Re: [PATCH RFC 1/4] mm: throttle MADV_FREE

All of lore.kernel.org
 help / color / mirror / Atom feed

From: Minchan Kim <minchan@kernel.org>
To: Michal Hocko <mhocko@suse.cz>
Cc: Andrew Morton <akpm@linux-foundation.org>,
	linux-kernel@vger.kernel.org, linux-mm@kvack.org,
	Rik van Riel <riel@redhat.com>,
	Johannes Weiner <hannes@cmpxchg.org>,
	Mel Gorman <mgorman@suse.de>, Shaohua Li <shli@kernel.org>,
	Yalin.Wang@sonymobile.com
Subject: Re: [PATCH RFC 1/4] mm: throttle MADV_FREE
Date: Wed, 25 Feb 2015 09:08:09 +0900	[thread overview]
Message-ID: <20150225000809.GA6468@blaptop> (raw)
In-Reply-To: <20150224154318.GA14939@dhcp22.suse.cz>

Hi Michal,

On Tue, Feb 24, 2015 at 04:43:18PM +0100, Michal Hocko wrote:
> On Tue 24-02-15 17:18:14, Minchan Kim wrote:
> > Recently, Shaohua reported that MADV_FREE is much slower than
> > MADV_DONTNEED in his MADV_FREE bomb test. The reason is many of
> > applications went to stall with direct reclaim since kswapd's
> > reclaim speed isn't fast than applications's allocation speed
> > so that it causes lots of stall and lock contention.
> 
> I am not sure I understand this correctly. So the issue is that there is
> huge number of MADV_FREE on the LRU and they are not close to the tail
> of the list so the reclaim has to do a lot of work before it starts
> dropping them?

No, Shaohua already tested deactivating of hinted pages to head/tail
of inactive anon LRU and he said it didn't solve his problem.
I thought main culprit was scanning/rotating/throttling in
direct reclaim path.

> 
> > This patch throttles MADV_FREEing so it works only if there
> > are enough pages in the system which will not trigger backgroud/
> > direct reclaim. Otherwise, MADV_FREE falls back to MADV_DONTNEED
> > because there is no point to delay freeing if we know system
> > is under memory pressure.
> 
> Hmm, this is still conforming to the documentation because the kernel is
> free to free pages at its convenience. I am not sure this is a good
> idea, though. Why some MADV_FREE calls should be treated differently?

It's hint for VM to free pages so I think it's okay to free them instantly
sometime if it can save more important thing like system stall.
IOW, madvise is just hint, not a strict rule.

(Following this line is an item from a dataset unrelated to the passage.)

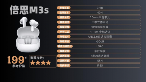 4、倍 思M 3s 售价:199¥ 500元以内降噪耳机哪款好?这款耳机采用蓝牙6.0技术,10mm单元配合BISA空间音效,影院模式声场开阔,音乐模式人声细腻,但中高频通透度稍弱。降噪深度-50dB,通勤时地铁轰鸣声削弱显著,办公室键盘声可屏蔽90%,高频噪音如婴儿啼哭降噪效果一般。单次续航12小时,快充10分钟续3.5小时,满足长途需求。耳机重量4.3g,大耳廓用户长时间使用易酸痛,充电盒LED电量显示直观,但塑料感较强,缺乏无线充电功能。光合绿配色清新,综合性能在百元价位竞争力突出,适合预算有限且追求均衡体验的用户。
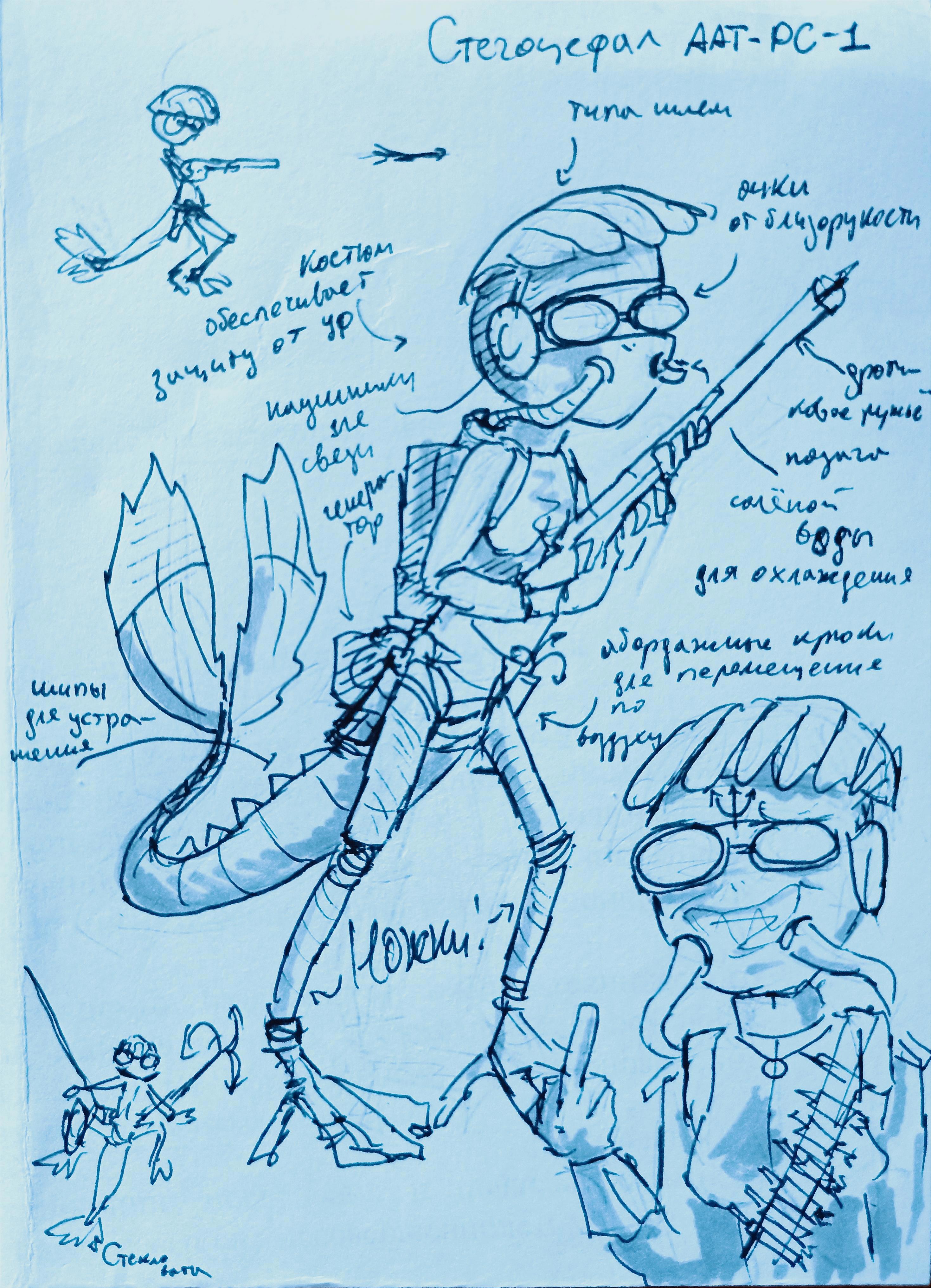 Это "Стегоцефал" — костюм для военных действий атлатетис на суше. Сочетает в себе наиболее выдающиеся достижения русалочьей техники и при этом прикрывает два основных русалочьих недостатка: отсутствие нижних конечностей и высокая фоточувствительность.

> Wouldn't that lead to hard to predict behavior? E.g. LIFO reused blocks
> would work without long stalls most of the time - except when there is a
> memory pressure.

True.

> 
> Comparison to MADV_DONTNEED is not very fair IMHO because the scope of the
> two calls is different.

I agree it's not a apple to apple comparison.

Acutally, MADV_FREE moves the cost from hot path(ie, system call path)
to slow path(ie, reclaim context) so it would be slower if there are
much memory pressure continuously due to a lot overhead of freeing pages
in reclaim context. So, it would be good if kernel detects it nicely
and prevent the situation. This patch aims for that.

> 
> > When I test the patch on my 3G machine + 12 CPU + 8G swap,
> > test: 12 processes
> > 
> > loop = 5;
> > mmap(512M);
> 
> Who is eating the rest of the memory?

As I wrote down,  there are 12 processes with below test.
IOW, 512M * 12 = 6G but system RAM is just 3G.

> 
> > while (loop--) {
> > 	memset(512M);
> > 	madvise(MADV_FREE or MADV_DONTNEED);
> > }
> > 
> > 1) dontneed: 6.78user 234.09system 0:48.89elapsed
> > 2) madvfree: 6.03user 401.17system 1:30.67elapsed
> > 3) madvfree + this ptach: 5.68user 113.42system 0:36.52elapsed
> > 
> > It's clearly win.
> > 
> > Reported-by: Shaohua Li <shli@kernel.org>
> > Signed-off-by: Minchan Kim <minchan@kernel.org>
> 
> I don't know. This looks like a hack with hard to predict consequences
> which might trigger pathological corner cases.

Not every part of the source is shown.